_Exercise aim_. Apart from the pictures, every line below needs to be reproduced verbatim.

_The data_.
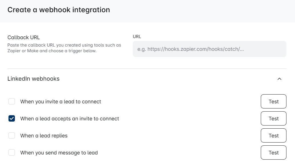 Go to the Webhooks page on your ZRG LinkedIn Marketing dashboard.
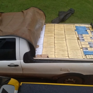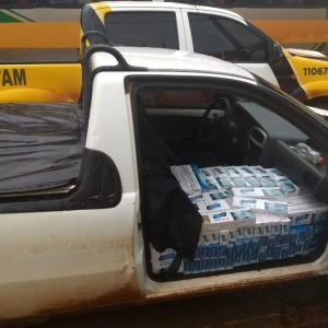 Durante revista foram localizados na caçamba e interior da caminhonete cerca de 16.000 maços de cigarros contrabandeados do Paraguai.
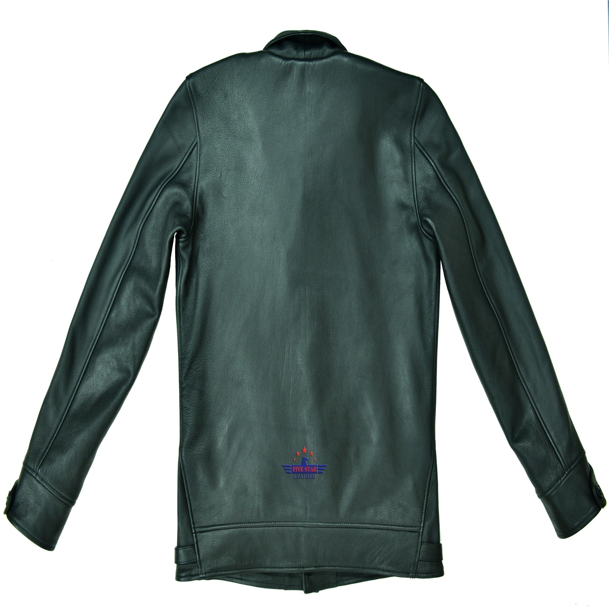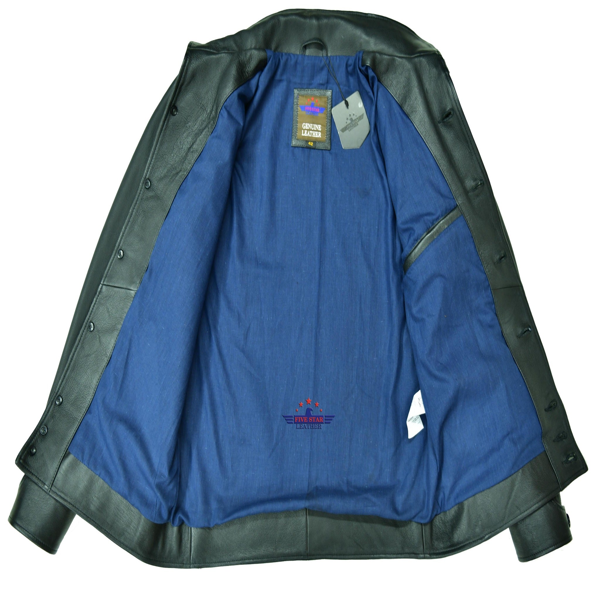 Men's Real Goatskin Brakeman Coat Jacket with Stand-Up Shawl Collar and Vintage Front Button
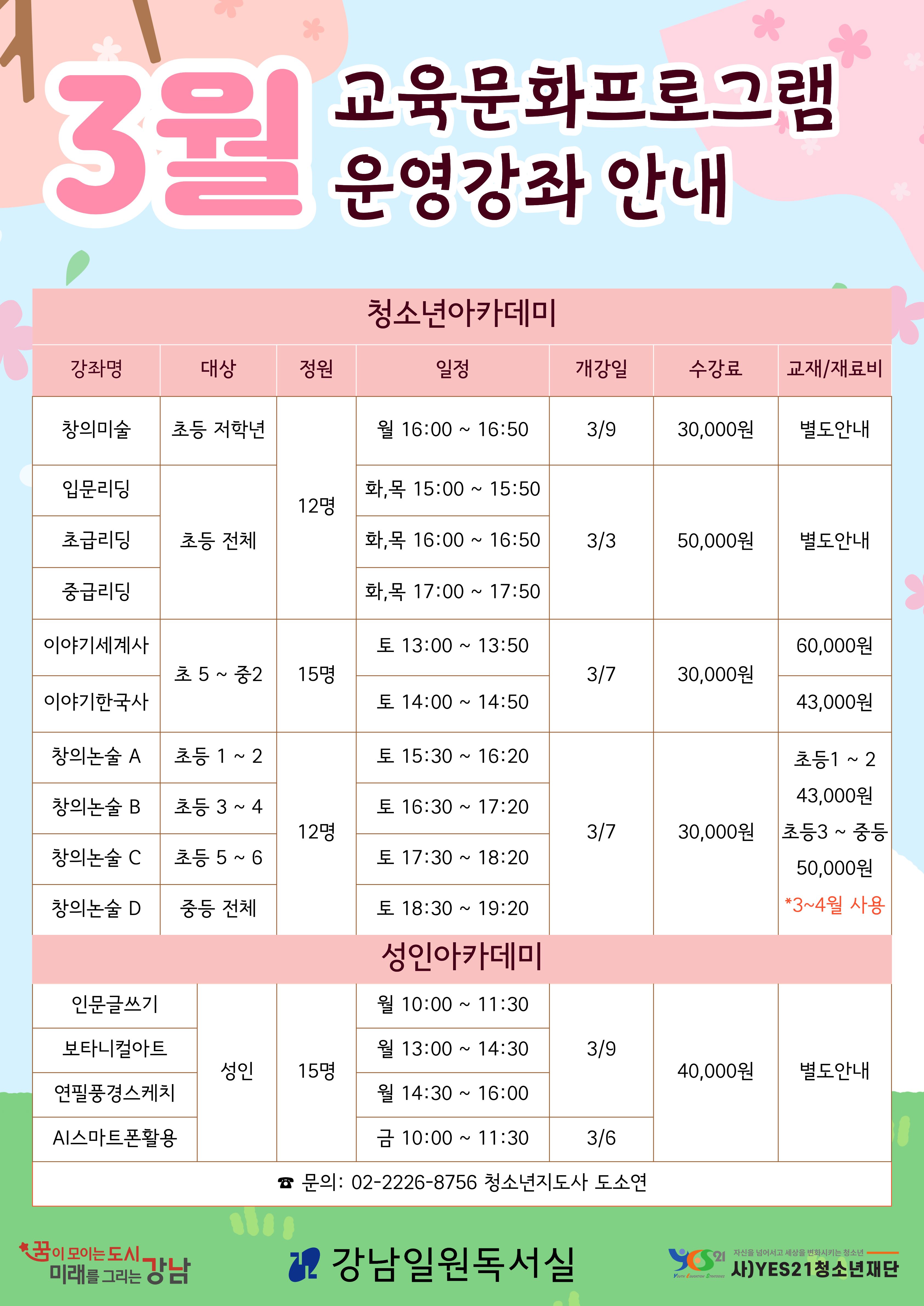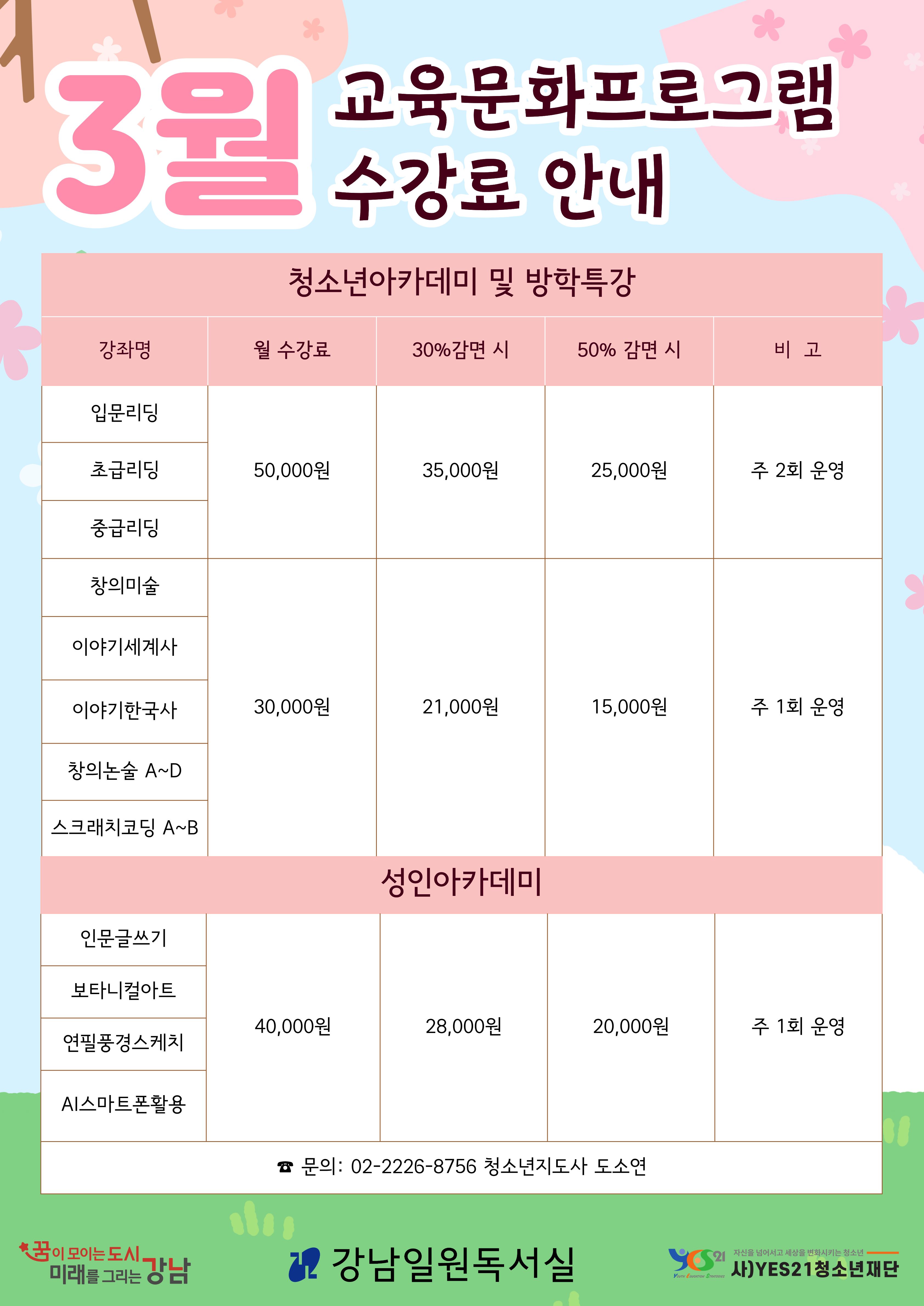 📢 2026년 3월 교육문화프로그램 운영사항 안내

_Solution_.
 Go to the Webhooks page on your ZRG LinkedIn Marketing dashboard.
 Durante revista foram localizados na caçamba e interior da caminhonete cerca de 16.000 maços de cigarros contrabandeados do Paraguai.
 Men's Real Goatskin Brakeman Coat Jacket with Stand-Up Shawl Collar and Vintage Front Button
 📢 2026년 3월 교육문화프로그램 운영사항 안내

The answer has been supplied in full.